Input material:
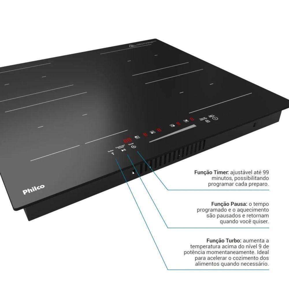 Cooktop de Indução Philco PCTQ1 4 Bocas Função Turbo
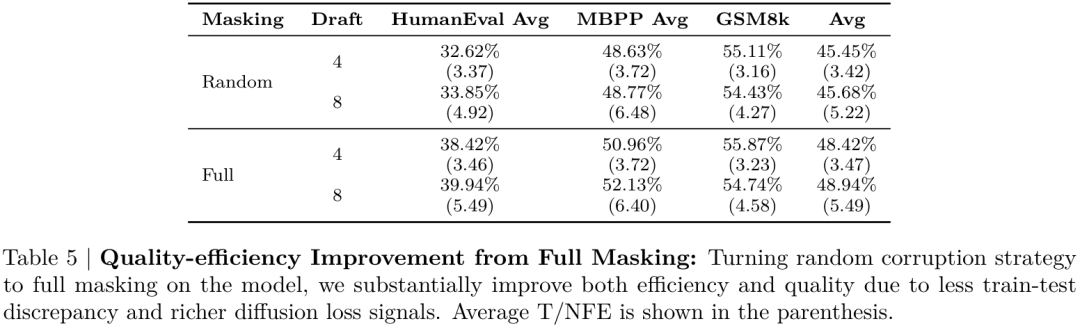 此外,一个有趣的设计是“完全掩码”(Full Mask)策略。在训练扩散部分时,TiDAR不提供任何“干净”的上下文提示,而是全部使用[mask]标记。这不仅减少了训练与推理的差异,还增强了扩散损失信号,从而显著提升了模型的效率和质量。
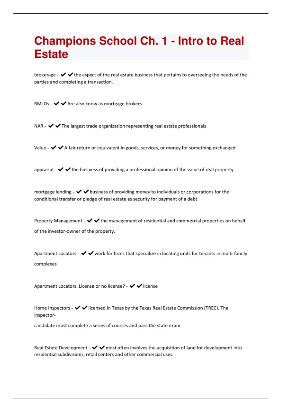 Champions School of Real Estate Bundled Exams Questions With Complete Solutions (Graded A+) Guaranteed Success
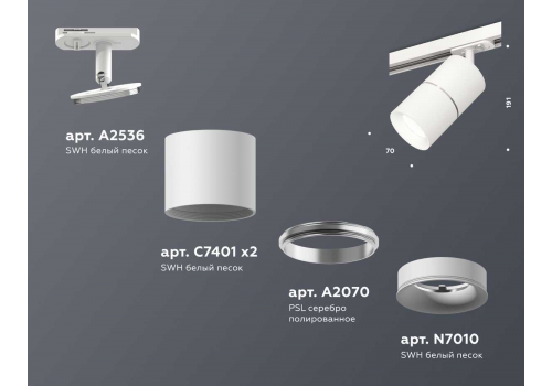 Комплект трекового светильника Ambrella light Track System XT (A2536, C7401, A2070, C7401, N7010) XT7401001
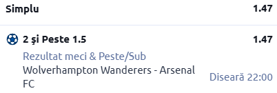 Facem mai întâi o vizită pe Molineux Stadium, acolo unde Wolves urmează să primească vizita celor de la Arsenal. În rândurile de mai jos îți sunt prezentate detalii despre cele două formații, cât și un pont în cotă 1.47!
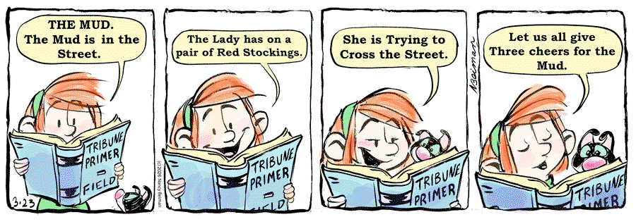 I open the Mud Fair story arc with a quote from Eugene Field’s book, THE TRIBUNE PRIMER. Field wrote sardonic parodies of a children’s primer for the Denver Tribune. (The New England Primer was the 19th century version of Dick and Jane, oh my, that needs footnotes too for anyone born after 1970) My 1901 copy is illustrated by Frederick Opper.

* * *

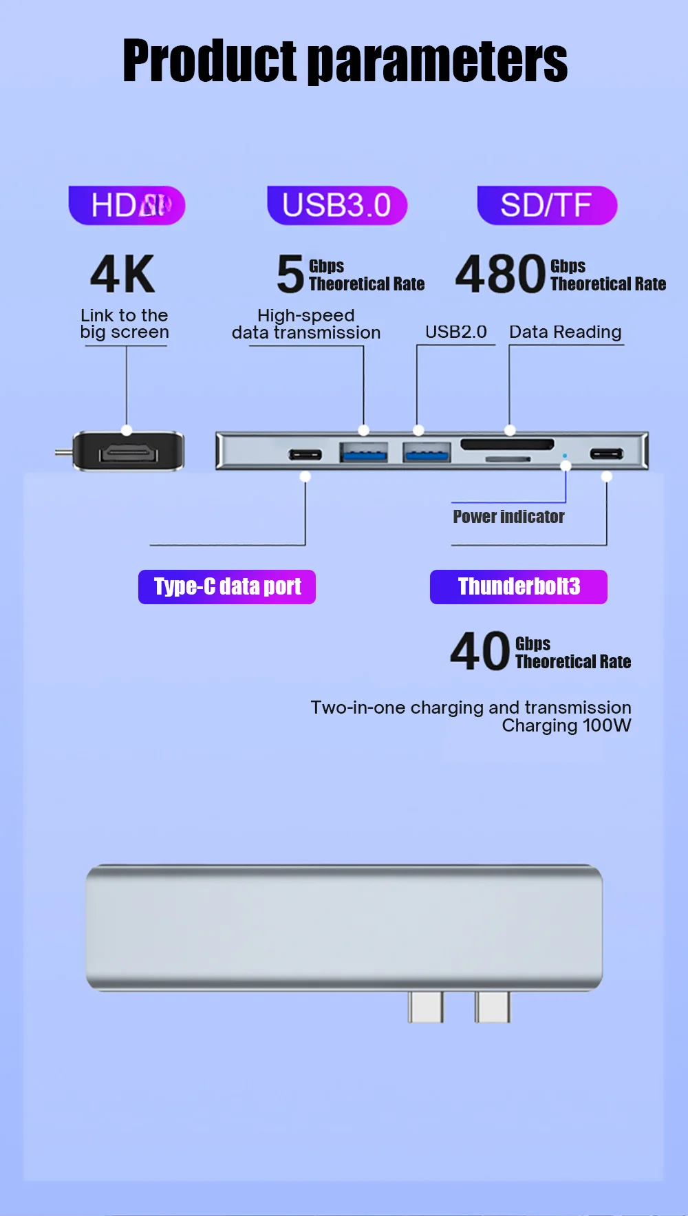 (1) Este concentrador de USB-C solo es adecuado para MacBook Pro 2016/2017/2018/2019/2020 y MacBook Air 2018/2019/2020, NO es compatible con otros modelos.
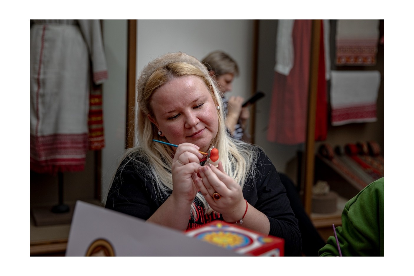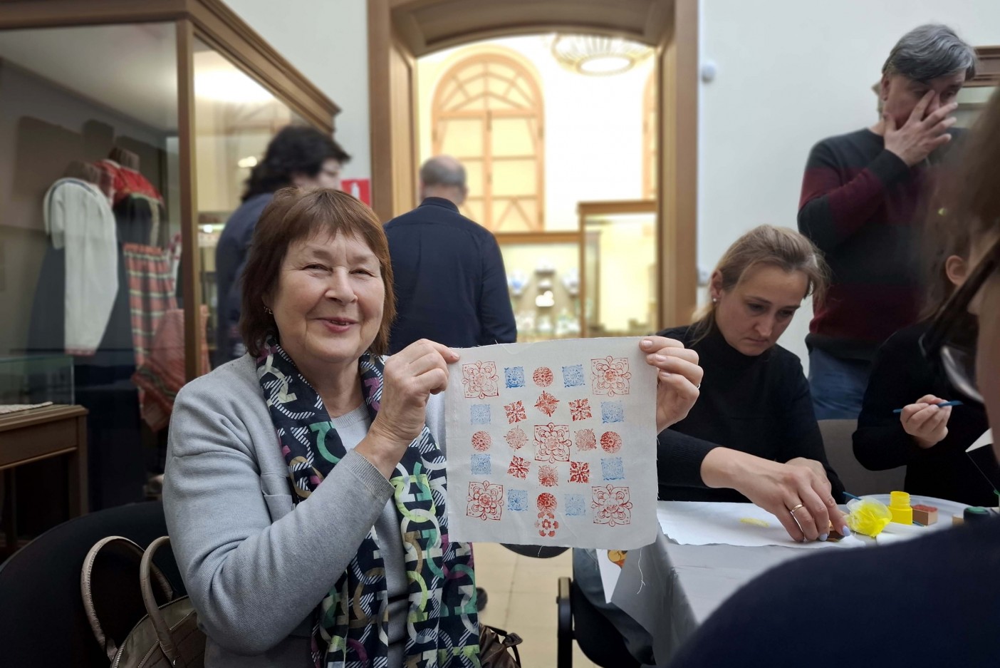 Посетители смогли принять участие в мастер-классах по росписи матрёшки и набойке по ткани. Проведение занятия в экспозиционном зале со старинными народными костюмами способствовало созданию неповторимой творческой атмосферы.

Task requirements: Each line from the one that contains "Cooktop de Indução" down to the one that contains "I open the Mud" is to be returned exactly as it stands above, both ends included, with pictures removed.

Response area:
 Cooktop de Indução Philco PCTQ1 4 Bocas Função Turbo
 此外,一个有趣的设计是“完全掩码”(Full Mask)策略。在训练扩散部分时,TiDAR不提供任何“干净”的上下文提示,而是全部使用[mask]标记。这不仅减少了训练与推理的差异,还增强了扩散损失信号,从而显著提升了模型的效率和质量。
 Champions School of Real Estate Bundled Exams Questions With Complete Solutions (Graded A+) Guaranteed Success
 Комплект трекового светильника Ambrella light Track System XT (A2536, C7401, A2070, C7401, N7010) XT7401001
 Facem mai întâi o vizită pe Molineux Stadium, acolo unde Wolves urmează să primească vizita celor de la Arsenal. În rândurile de mai jos îți sunt prezentate detalii despre cele două formații, cât și un pont în cotă 1.47!
 I open the Mud Fair story arc with a quote from Eugene Field’s book, THE TRIBUNE PRIMER. Field wrote sardonic parodies of a children’s primer for the Denver Tribune. (The New England Primer was the 19th century version of Dick and Jane, oh my, that needs footnotes too for anyone born after 1970) My 1901 copy is illustrated by Frederick Opper.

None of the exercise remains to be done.